GIVEN INFORMATION:
***
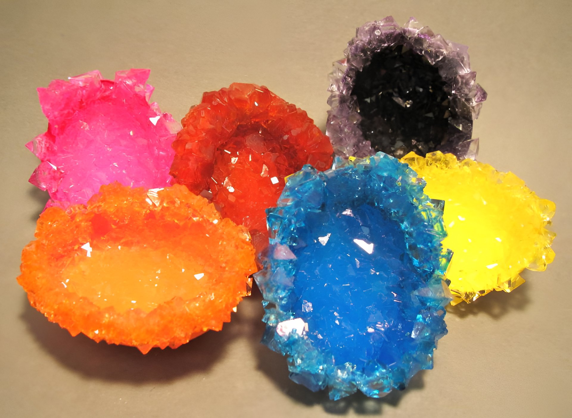 Tip: Liquid food coloring can also be used to dye the geode 30 to 40 drops will adequately saturate the solution.
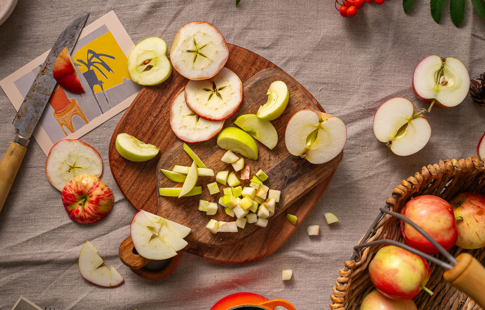 Huuhtele omena, halkaise ne ja poista siemenet. Viipaloi omenat reilun suupalan kokoisiksi viipaleiksi.
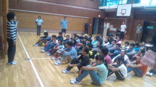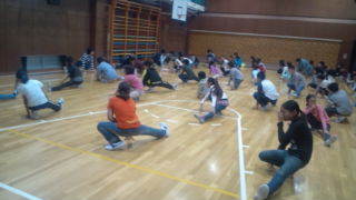興津の学園にいます。体育館で朝会が行われています。行動が早く10分前に始まりました。雨が降っていないので予定通り活動します。6:20
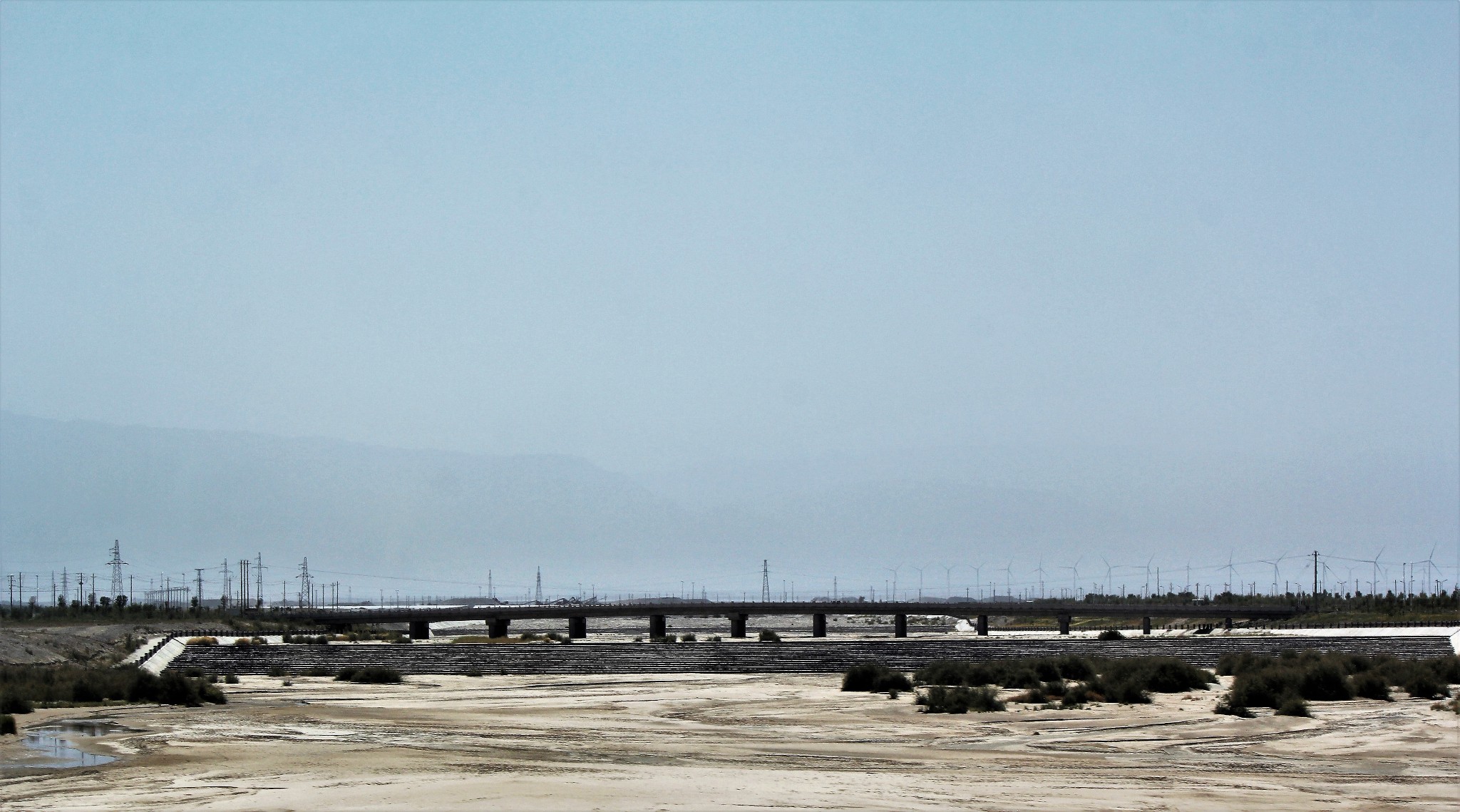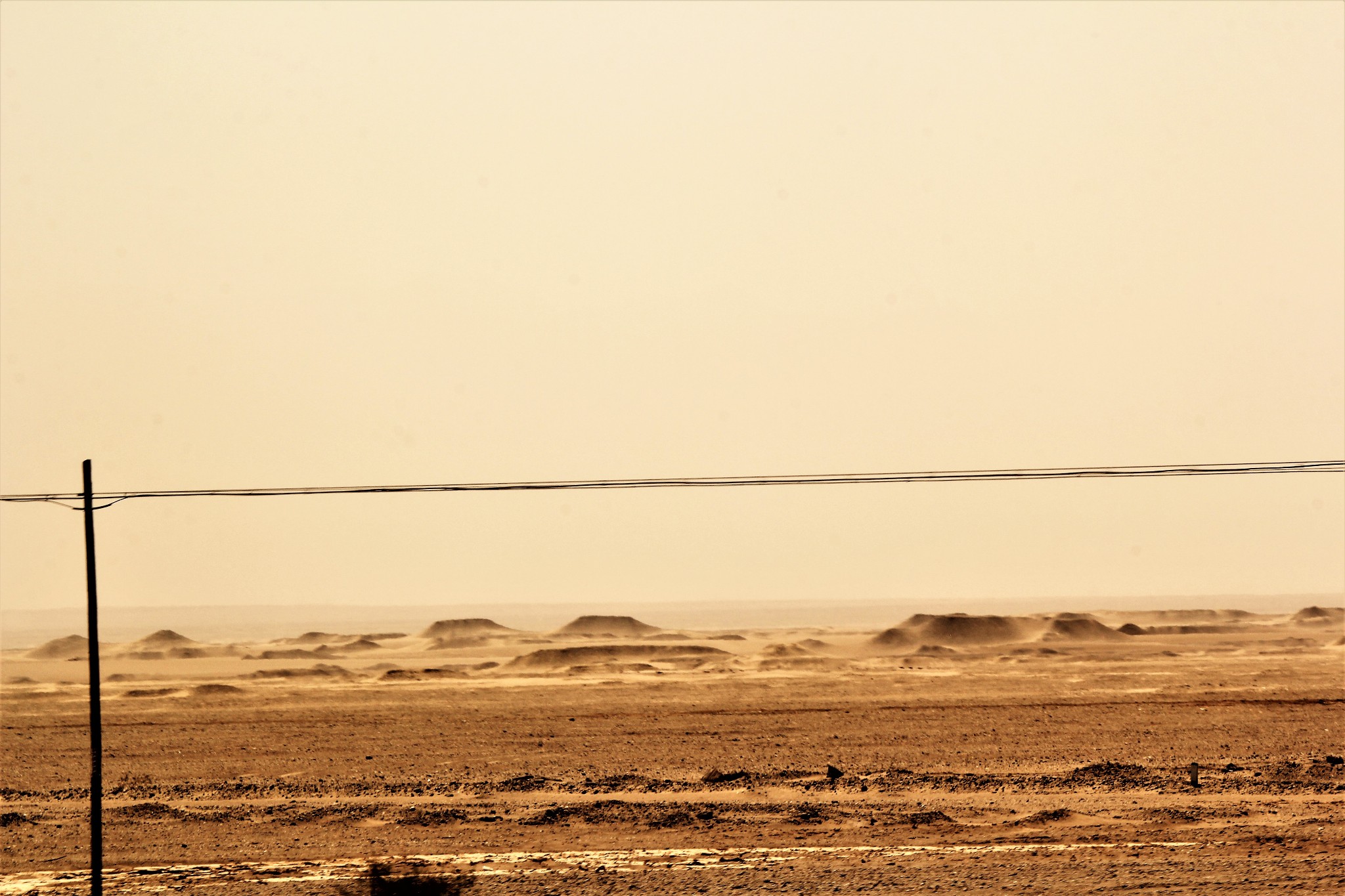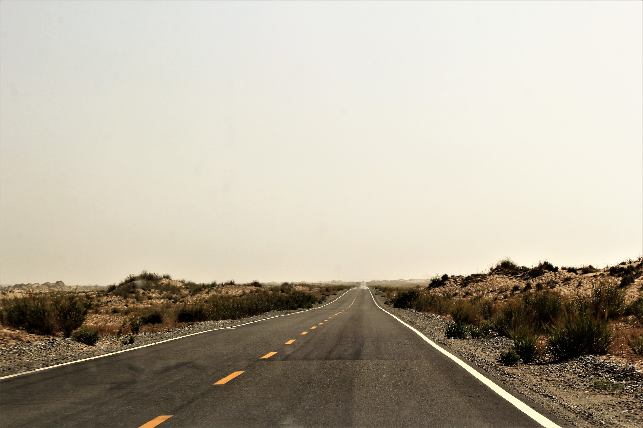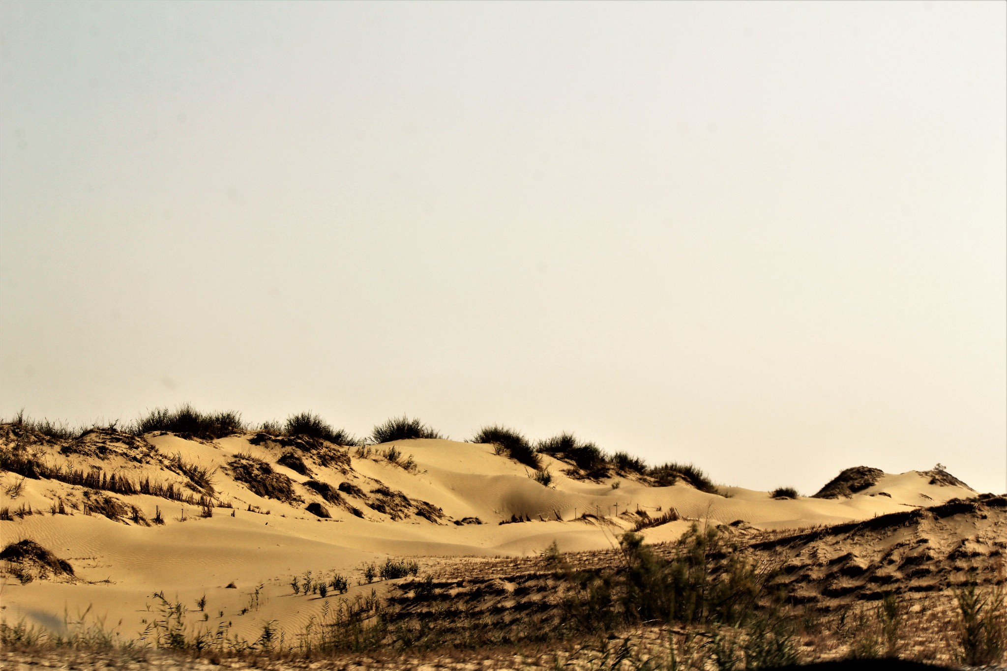 走出绿洲,公路两旁已无杨树,取代它的是灌木和芦苇。
***
Excluding every picture, set down the listing exactly.

 Tip: Liquid food coloring can also be used to dye the geode 30 to 40 drops will adequately saturate the solution.
 Huuhtele omena, halkaise ne ja poista siemenet. Viipaloi omenat reilun suupalan kokoisiksi viipaleiksi.
興津の学園にいます。体育館で朝会が行われています。行動が早く10分前に始まりました。雨が降っていないので予定通り活動します。6:20
 走出绿洲,公路两旁已无杨树,取代它的是灌木和芦苇。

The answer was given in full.